The typical species is Plesiosaurus dolichodeirus, from the Lower Lias of Lyme Regis, which attains a length of about three metres. Other species from the same formation seem to have measured five to six metres in length, and there are species of allied genera from the Upper Lias which are probably still larger. A fine large skeleton from the Upper Lias of Württemberg, now in the Berlin Museum, is named Plesiosaurus guilelmi-imperatoris (see figure above).
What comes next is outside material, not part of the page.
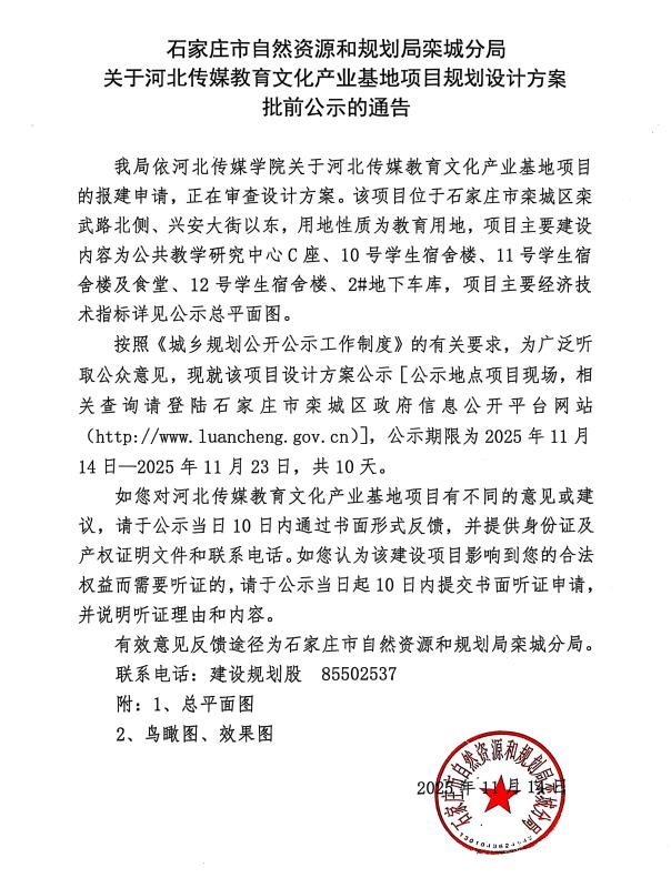 河北传媒教育文化产业基地项目规划设计方案批前公示的通告

Cryptoclidus, known by complete skeletons from the Oxford Clay of Peterborough, differs very little from Plesiosaurus. The Cretaceous Cimoliosaurus, found in North and South America, Europe and New Zealand, is also very similar. The fossilized contents of the stomach in some of the later Plesiosaurs show that these reptiles swallowed stones for digestive purposes like the existing crocodiles.
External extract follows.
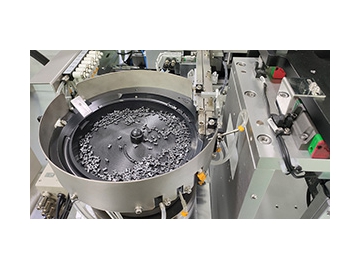 Данная машина разработана специально для намотки катушек синфазных дросселей. Для достижения максимальной рабочей эффективности и высокой точности, намоточные шпиндели XYZ и поворотный стол оснащены серводвигателями. Благодаря наличию высокоточного серводвигателя, сердечник катушки индуктивности может транспортироваться посредством поворотного стола к различным производственным станциям для осуществления соответствующих рабочих процессов и процессов обработки, включая автоматическую намотку и точечную сварку. Машина для намотки синфазных дроссельных катушек общего назначения оснащена вибрационным питателем, обеспечивающим непрерывную и точную подачу сердечников катушек индуктивности. Доступны одинарный и двойной типы катушечных обмоток. Точный подсчет осуществляется посредством системы управления ПЛК. Максимальная скорость намотки составляет до 1200 шт/час.

References.—R. Owen, Fossil Reptilia of the Lassie Formations, pt. iii. (Monogr. Palaeont. Soc., 1865); W. Dames, paper in Abhandl. k. preuss. Akad. Wiss. (1895), p. 1.  (A. S. Wo.) 
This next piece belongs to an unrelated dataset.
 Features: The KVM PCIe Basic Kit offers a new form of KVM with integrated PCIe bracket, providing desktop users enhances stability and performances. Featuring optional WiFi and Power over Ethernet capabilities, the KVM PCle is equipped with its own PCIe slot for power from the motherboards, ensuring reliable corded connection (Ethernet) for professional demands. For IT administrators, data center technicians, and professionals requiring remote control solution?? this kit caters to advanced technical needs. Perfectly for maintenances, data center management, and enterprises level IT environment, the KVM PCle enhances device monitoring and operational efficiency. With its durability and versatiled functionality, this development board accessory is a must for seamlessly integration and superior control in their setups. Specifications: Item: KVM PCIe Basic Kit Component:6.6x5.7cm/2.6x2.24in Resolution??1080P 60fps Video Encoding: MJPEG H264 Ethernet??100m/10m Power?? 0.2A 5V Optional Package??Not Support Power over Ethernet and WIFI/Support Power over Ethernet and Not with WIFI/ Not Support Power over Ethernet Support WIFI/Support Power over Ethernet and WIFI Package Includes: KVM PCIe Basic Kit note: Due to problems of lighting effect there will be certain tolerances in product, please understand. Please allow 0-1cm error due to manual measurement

PLEURISY, or Pleuritis (Gr. πλεῦρα=ribs), inflammation of the pleura, caused by invasion by certain specific microorganisms. (See Respiratory System: Pathology.) Secondary pleurisies may occur from extension of inflammation from neighbouring organs.

The morbid changes which the pleura undergoes when inflamed consist of three chief conditions or stages of progress. (1) Inflammatory congestion and infiltration of the pleura, which may spread to the tissues of the lung on the one hand, and to those of the chest wall on the other. (2) Exudation of lymph on the pleural surfaces. This lymph is of variable consistence, sometimes composed of thin and easily separated pellicles, or of extensive thick masses or strata, or again showing itself in the form of a tough membrane. It is of greyish-yellow colour, and microscopically consists mainly of coagulated fibrin along with epithelial cells and red and white blood corpuscles. Its presence causes roughening of the two pleural surfaces, which, slightly separated in health, may now be brought into contact by bands of lymph extending between them. These bands may break up or may become organized by the development of new blood vessels, and adhering permanently may obliterate throughout a greater or less space the pleural sac, and interfere to some extent with the free play of the lungs. (3) Effusion of fluid into the pleural cavity. This fluid may vary in its characters.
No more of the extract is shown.